**Activity**
Pictures excluded, copy all of the data below exactly.

-------- Extracted material

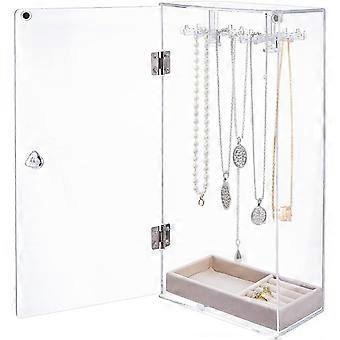 Rotatable Necklace Holder Organizer Acrylic Jewelry Organizer with 24 Hooks Clear Dust-proof Jewelry Storage Case with Velvet Tray for Long Necklaces
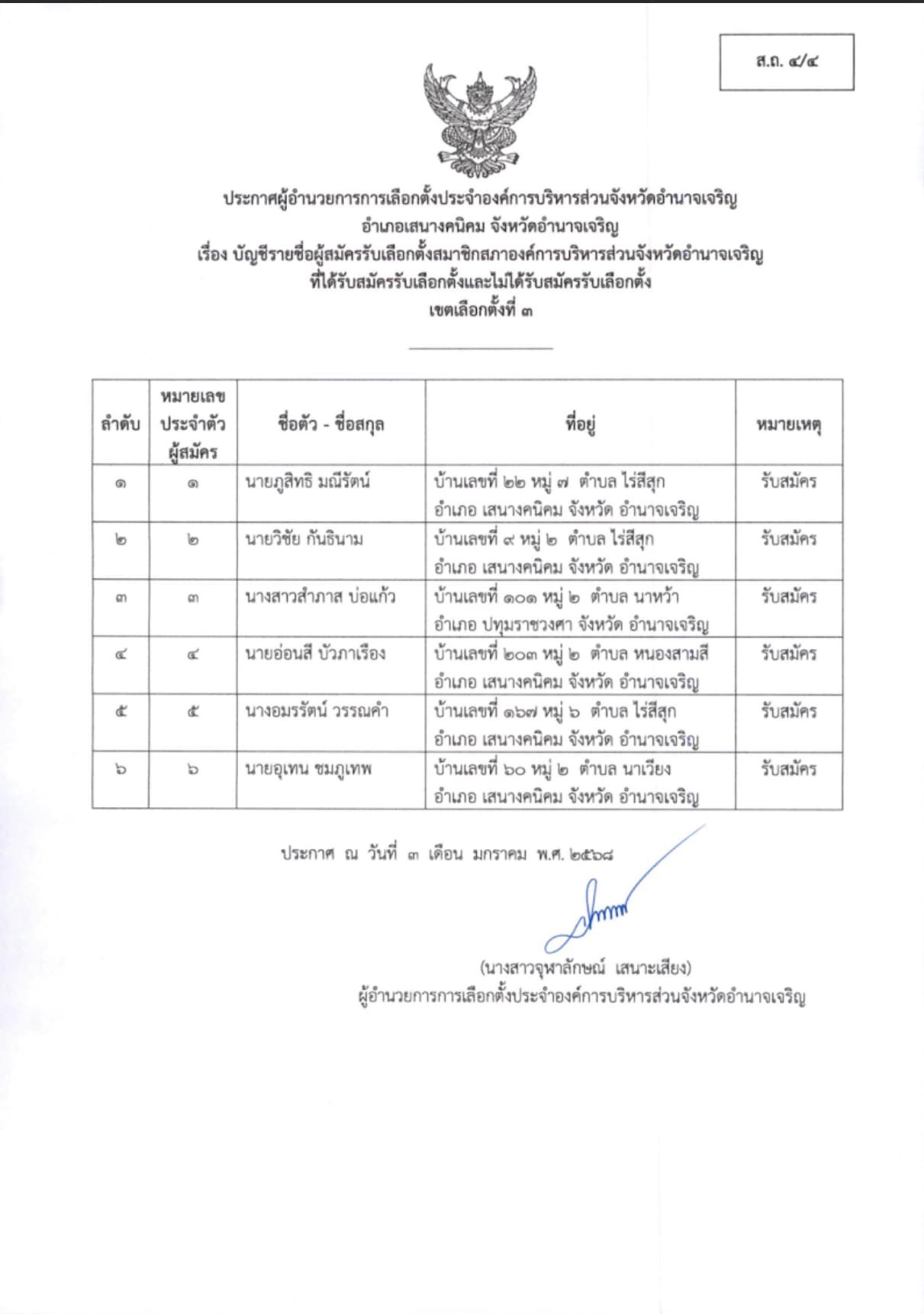ประกาศผู้อำนวยการการเลือกตั้งประจำองค์การบริหารส่วนจังหวัดอำนาจเจริญ เรื่อง ประกาศบัญชีรายชื่อผู้สมัครรับเลือกตั้ง สมาชิกสภา อบจ.อำนาจเจริญ ผู้ที่ได้รับสมัครรับเลือกตั้งฯ และผู้ที่ไม่ได้รับสมัครรับเลือกตั้งฯ (ส.ถ.4/4 และ ส.ถ. 4/5) อำเภอเสนางคนิคม เขตเลือกตั้งที่ 3 “เลือกตั้งท้องถิ่นร่วมกันใช้สิทธิอย่างสุจริตโปร่งใส สร้างสรรค์ประเทศไทยพร้อมใจไปเลือกตั้ง”
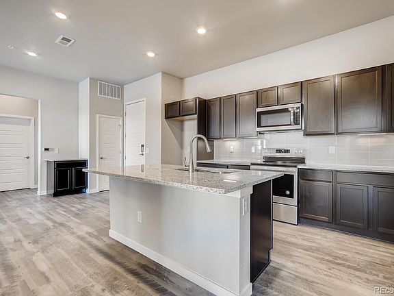 This brand new home is ready for move-in! A fantastic TOP FLOOR end unit near the elevator - You'll find a well-equipped kitchen—boasting a gracious center island that overlooks an expansive great room with direct access to a generous covered balcony. A lavish owner’s suite showcases a roomy walk-in closet and a deluxe private bath with dual sinks and a benched shower. Morning light fills this home highlighting the rich espresso colored birch cabinetry and beautiful granite countertop in the kitchen. Private, corner unit! Home has in-unit laundry room with space for side-by-side appliances. Enjoy the community park, BBQ and fire pit area, and quick access to Westcreek Dog Park, Cherry Creek Trail, DTC, Main Street Parker, Castle Rock and Denver. Open community parking, limited number of one-bay detached garages available for additional purchase price. Building has an elevator. Fantastic Parker location! Photos are not of this exact property. They are for representational purposes only. Please contact builder for specifics on this property. Don’t miss out on the new reduced pricing good through 6/30/2023. Prices and incentives are contingent upon buyer closing a loan with builders affiliated lender and are subject to change at any time.
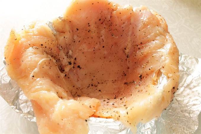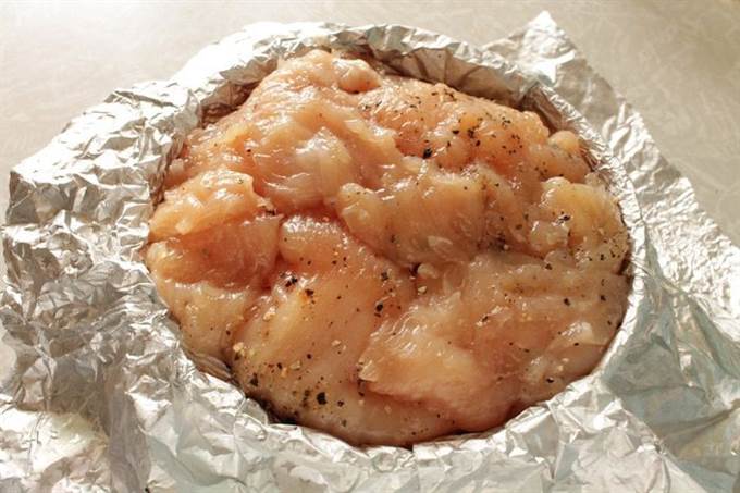 Теперь берем пиалу, выстилаем ее фольгой, оставляя свободные края. Фольгу слегка смазать растительным маслом. Затем выкладываем отбитое филе, руками аккуратно распределяем по дну и стенкам пиалы, филе должно быть с запасом, чтобы можно было закрыть начинку.
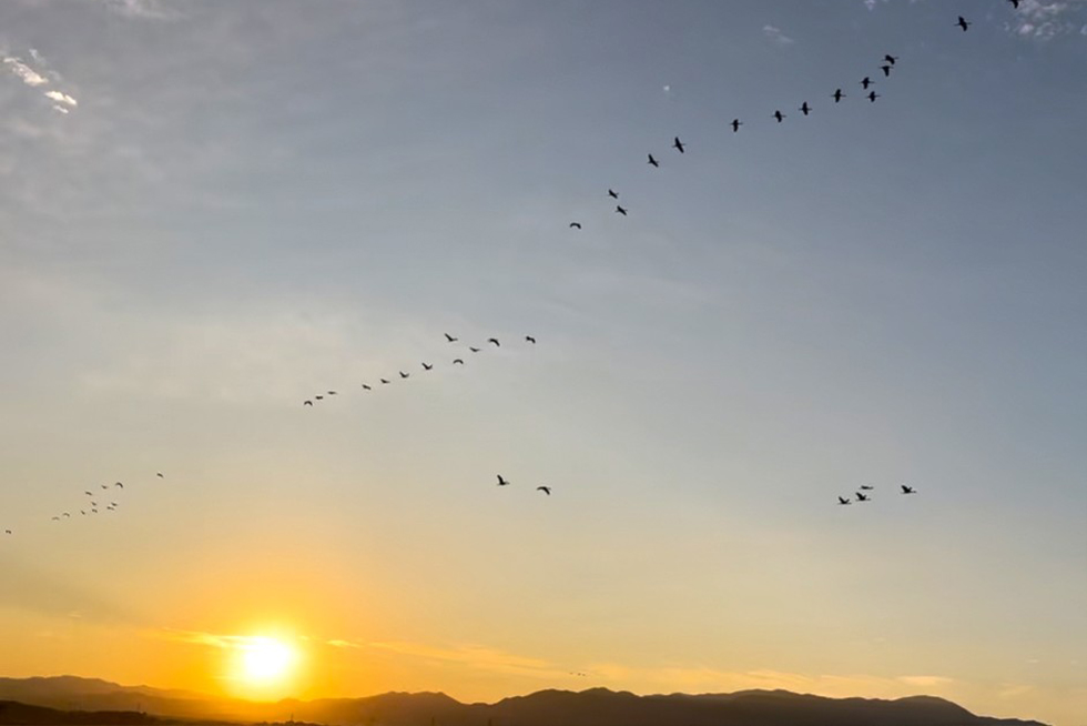 そして初日の出では、鶴のねぐら立ちの様子を見学しました!
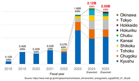 Feature Articles: Creating Innovative Next-generation Energy Technologies Maximizing Renewable Energy Use in Datacenters through Watt-bit CollaborationAbstractThe proliferation of generative AI (artificial intelligence) has led to a surge in power demand for datacenters (DCs), making the effective use of renewable energy (RE) a critical challenge. NTT Space Environment and Energy Laboratories is tackling this challenge by maximizing RE usage through watt-bit collaboration, using two approaches: dynamic distributed control of DC workloads and DC placement optimization. This article explains the background, challenges, and overall technical framework of this effort. Keywords: watt-bit collaboration, datacenter, renewable energy 1. BackgroundThe proliferation of large-scale data processing, including generative artificial intelligence (AI), has rapidly increased the power demand of datacenters (DCs). Advanced learning and inference processes, such as natural language processing models and image generation models, require enormous computational resources and consume power on a scale orders of magnitude greater than conventional systems. For example, the power consumption of training OpenAI¡Çs GPT-3 language model, which powers ChatGPT, is estimated to be 1287 MWh [1]¡½equivalent to the electricity generation of a single nuclear power plant in one hour. As generative AI becomes more widespread, DC power demand is expected to grow even further. Across society, momentum for decarbonization is growing, driving rapid adoption of renewable energy (RE) sources such as solar and wind power. In the 7th Strategic Energy Plan [2], the Japanese government has set a policy to maximize the introduction of RE as a major power source, aiming to increase its share in the power supply mix from 21.8% in fiscal year 2022 to 40–50% by fiscal year 2040. Within the NTT Group, “NTT Green Innovation toward 2040” [3] serves as the environmental and energy vision. To achieve carbon neutrality for mobile (wireless base stations) and DCs by 2030, the Group is actively promoting adoption of RE. This is expected to enable the effective RE utilization to meet the growing power demand of expanding DCs. However, a problem has emerged where RE cannot be fully used. The potential for RE deployment is concentrated in regions such as Hokkaido, Tohoku, Chugoku, and Kyushu, which are blessed with vast land and favorable natural conditions. Conversely, DCs are clustered around major metropolitan areas, such as Tokyo and Osaka, due to considerations of communication latency and maintenance convenience. This results in a geographical mismatch between the potential for RE deployment and the power demand of DCs. Solar and wind power generation exhibit significant fluctuations in output depending on weather conditions, season, and time of day. In contrast, DCs require consistent operation 24 hours a day, 365 days a year, leading to relatively stable power demand. This creates a temporal mismatch as well. Due to this geographic and temporal mismatch, output curtailment of RE (suppressing RE generation) is implemented in regions and time periods where power supply, including RE, exceeds demand. This is done to ensure stable operation of the power grid. Figure 1 shows the trend in RE output curtailment in Japan. In fiscal year 2024, over 2 billion kWh of RE was subject to output curtailment, concentrated particularly in Kyushu and Tohoku, regions with high potential for RE deployment. As RE deployment continues to expand, the occurrence of this output curtailment will become an unavoidable issue. Therefore, it is essential to establish technologies and reform systems to resolve this mismatch between RE output and DC power demand, thereby maximizing RE utilization. Currently, plans [4] for developing transmission networks to enable interregional power sharing have been outlined. However, these require enormous investments in the trillions of yen and take many years to implement. They alone cannot achieve maximum RE utilization or stable power supply. A new mechanism is required to resolve this mismatch. This involves not only the supply side but also the demand side, such as DC systems, operating flexibly in response to RE generation conditions to adjust the supply-demand balance.
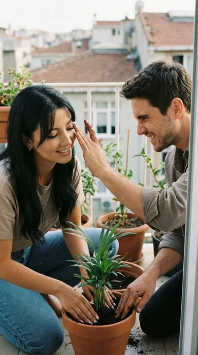 { "generation_request": { "meta_data": { "tool": "NanoBanana Pro", "task_type": "photoreal_candid_domestic_growth", "version": "v10.0_FIRST_PLANT_TOGETHER_EN", "priority": "highest" }, "output_settings": { "aspect_ratio": "9:16", "orientation": "portrait", "resolution_target": "ultra_high_res", "render_style": "ultra_photoreal_candid_film_still", "sharpness": "natural", "film_grain": "subtle_35mm", "color_grade": "warm_afternoon_balcony", "dynamic_range": "natural_not_hdr", "skin_rendering": "real_texture_no_retouch" }, "global_rules": { "camera_language": "35mm candid realism", "lighting_language": "soft afternoon daylight only", "authenticity_markers": "real soil texture, dirty fingertips, natural plant detail" }, "creative_prompt": { "scene_summary": "Small balcony. They kneel together planting a small green houseplant in a pot.", "subjects": { "count": 2, "description": "same couple, relaxed and playful", "expression": "gentle smiles, soft teasing" }, "wardrobe": { "female": "casual t-shirt and jeans", "male": "rolled sleeves shirt" }, "micro_action": "she presses soil gently around the roots; he brushes a little dirt off her cheek playfully", "environment_details": { "location": "Istanbul apartment balcony", "background": "city rooftops softly blurred, other small plants nearby" }, "composition": "vertical medium close; hands and soil visible; imperfect candid crop", "mood": "growth, shared future" }, "negative_prompt": [ "studio lighting", "AI glow", "perfect staged garden", "HDR", "beauty retouch", "text", "logos" ] } }

----------------

**Task response**
 Rotatable Necklace Holder Organizer Acrylic Jewelry Organizer with 24 Hooks Clear Dust-proof Jewelry Storage Case with Velvet Tray for Long Necklaces
ประกาศผู้อำนวยการการเลือกตั้งประจำองค์การบริหารส่วนจังหวัดอำนาจเจริญ เรื่อง ประกาศบัญชีรายชื่อผู้สมัครรับเลือกตั้ง สมาชิกสภา อบจ.อำนาจเจริญ ผู้ที่ได้รับสมัครรับเลือกตั้งฯ และผู้ที่ไม่ได้รับสมัครรับเลือกตั้งฯ (ส.ถ.4/4 และ ส.ถ. 4/5) อำเภอเสนางคนิคม เขตเลือกตั้งที่ 3 “เลือกตั้งท้องถิ่นร่วมกันใช้สิทธิอย่างสุจริตโปร่งใส สร้างสรรค์ประเทศไทยพร้อมใจไปเลือกตั้ง”
 This brand new home is ready for move-in! A fantastic TOP FLOOR end unit near the elevator - You'll find a well-equipped kitchen—boasting a gracious center island that overlooks an expansive great room with direct access to a generous covered balcony. A lavish owner’s suite showcases a roomy walk-in closet and a deluxe private bath with dual sinks and a benched shower. Morning light fills this home highlighting the rich espresso colored birch cabinetry and beautiful granite countertop in the kitchen. Private, corner unit! Home has in-unit laundry room with space for side-by-side appliances. Enjoy the community park, BBQ and fire pit area, and quick access to Westcreek Dog Park, Cherry Creek Trail, DTC, Main Street Parker, Castle Rock and Denver. Open community parking, limited number of one-bay detached garages available for additional purchase price. Building has an elevator. Fantastic Parker location! Photos are not of this exact property. They are for representational purposes only. Please contact builder for specifics on this property. Don’t miss out on the new reduced pricing good through 6/30/2023. Prices and incentives are contingent upon buyer closing a loan with builders affiliated lender and are subject to change at any time.
 Теперь берем пиалу, выстилаем ее фольгой, оставляя свободные края. Фольгу слегка смазать растительным маслом. Затем выкладываем отбитое филе, руками аккуратно распределяем по дну и стенкам пиалы, филе должно быть с запасом, чтобы можно было закрыть начинку.
 そして初日の出では、鶴のねぐら立ちの様子を見学しました!
 Feature Articles: Creating Innovative Next-generation Energy Technologies Maximizing Renewable Energy Use in Datacenters through Watt-bit CollaborationAbstractThe proliferation of generative AI (artificial intelligence) has led to a surge in power demand for datacenters (DCs), making the effective use of renewable energy (RE) a critical challenge. NTT Space Environment and Energy Laboratories is tackling this challenge by maximizing RE usage through watt-bit collaboration, using two approaches: dynamic distributed control of DC workloads and DC placement optimization. This article explains the background, challenges, and overall technical framework of this effort. Keywords: watt-bit collaboration, datacenter, renewable energy 1. BackgroundThe proliferation of large-scale data processing, including generative artificial intelligence (AI), has rapidly increased the power demand of datacenters (DCs). Advanced learning and inference processes, such as natural language processing models and image generation models, require enormous computational resources and consume power on a scale orders of magnitude greater than conventional systems. For example, the power consumption of training OpenAI¡Çs GPT-3 language model, which powers ChatGPT, is estimated to be 1287 MWh [1]¡½equivalent to the electricity generation of a single nuclear power plant in one hour. As generative AI becomes more widespread, DC power demand is expected to grow even further. Across society, momentum for decarbonization is growing, driving rapid adoption of renewable energy (RE) sources such as solar and wind power. In the 7th Strategic Energy Plan [2], the Japanese government has set a policy to maximize the introduction of RE as a major power source, aiming to increase its share in the power supply mix from 21.8% in fiscal year 2022 to 40–50% by fiscal year 2040. Within the NTT Group, “NTT Green Innovation toward 2040” [3] serves as the environmental and energy vision. To achieve carbon neutrality for mobile (wireless base stations) and DCs by 2030, the Group is actively promoting adoption of RE. This is expected to enable the effective RE utilization to meet the growing power demand of expanding DCs. However, a problem has emerged where RE cannot be fully used. The potential for RE deployment is concentrated in regions such as Hokkaido, Tohoku, Chugoku, and Kyushu, which are blessed with vast land and favorable natural conditions. Conversely, DCs are clustered around major metropolitan areas, such as Tokyo and Osaka, due to considerations of communication latency and maintenance convenience. This results in a geographical mismatch between the potential for RE deployment and the power demand of DCs. Solar and wind power generation exhibit significant fluctuations in output depending on weather conditions, season, and time of day. In contrast, DCs require consistent operation 24 hours a day, 365 days a year, leading to relatively stable power demand. This creates a temporal mismatch as well. Due to this geographic and temporal mismatch, output curtailment of RE (suppressing RE generation) is implemented in regions and time periods where power supply, including RE, exceeds demand. This is done to ensure stable operation of the power grid. Figure 1 shows the trend in RE output curtailment in Japan. In fiscal year 2024, over 2 billion kWh of RE was subject to output curtailment, concentrated particularly in Kyushu and Tohoku, regions with high potential for RE deployment. As RE deployment continues to expand, the occurrence of this output curtailment will become an unavoidable issue. Therefore, it is essential to establish technologies and reform systems to resolve this mismatch between RE output and DC power demand, thereby maximizing RE utilization. Currently, plans [4] for developing transmission networks to enable interregional power sharing have been outlined. However, these require enormous investments in the trillions of yen and take many years to implement. They alone cannot achieve maximum RE utilization or stable power supply. A new mechanism is required to resolve this mismatch. This involves not only the supply side but also the demand side, such as DC systems, operating flexibly in response to RE generation conditions to adjust the supply-demand balance.
 { "generation_request": { "meta_data": { "tool": "NanoBanana Pro", "task_type": "photoreal_candid_domestic_growth", "version": "v10.0_FIRST_PLANT_TOGETHER_EN", "priority": "highest" }, "output_settings": { "aspect_ratio": "9:16", "orientation": "portrait", "resolution_target": "ultra_high_res", "render_style": "ultra_photoreal_candid_film_still", "sharpness": "natural", "film_grain": "subtle_35mm", "color_grade": "warm_afternoon_balcony", "dynamic_range": "natural_not_hdr", "skin_rendering": "real_texture_no_retouch" }, "global_rules": { "camera_language": "35mm candid realism", "lighting_language": "soft afternoon daylight only", "authenticity_markers": "real soil texture, dirty fingertips, natural plant detail" }, "creative_prompt": { "scene_summary": "Small balcony. They kneel together planting a small green houseplant in a pot.", "subjects": { "count": 2, "description": "same couple, relaxed and playful", "expression": "gentle smiles, soft teasing" }, "wardrobe": { "female": "casual t-shirt and jeans", "male": "rolled sleeves shirt" }, "micro_action": "she presses soil gently around the roots; he brushes a little dirt off her cheek playfully", "environment_details": { "location": "Istanbul apartment balcony", "background": "city rooftops softly blurred, other small plants nearby" }, "composition": "vertical medium close; hands and soil visible; imperfect candid crop", "mood": "growth, shared future" }, "negative_prompt": [ "studio lighting", "AI glow", "perfect staged garden", "HDR", "beauty retouch", "text", "logos" ] } }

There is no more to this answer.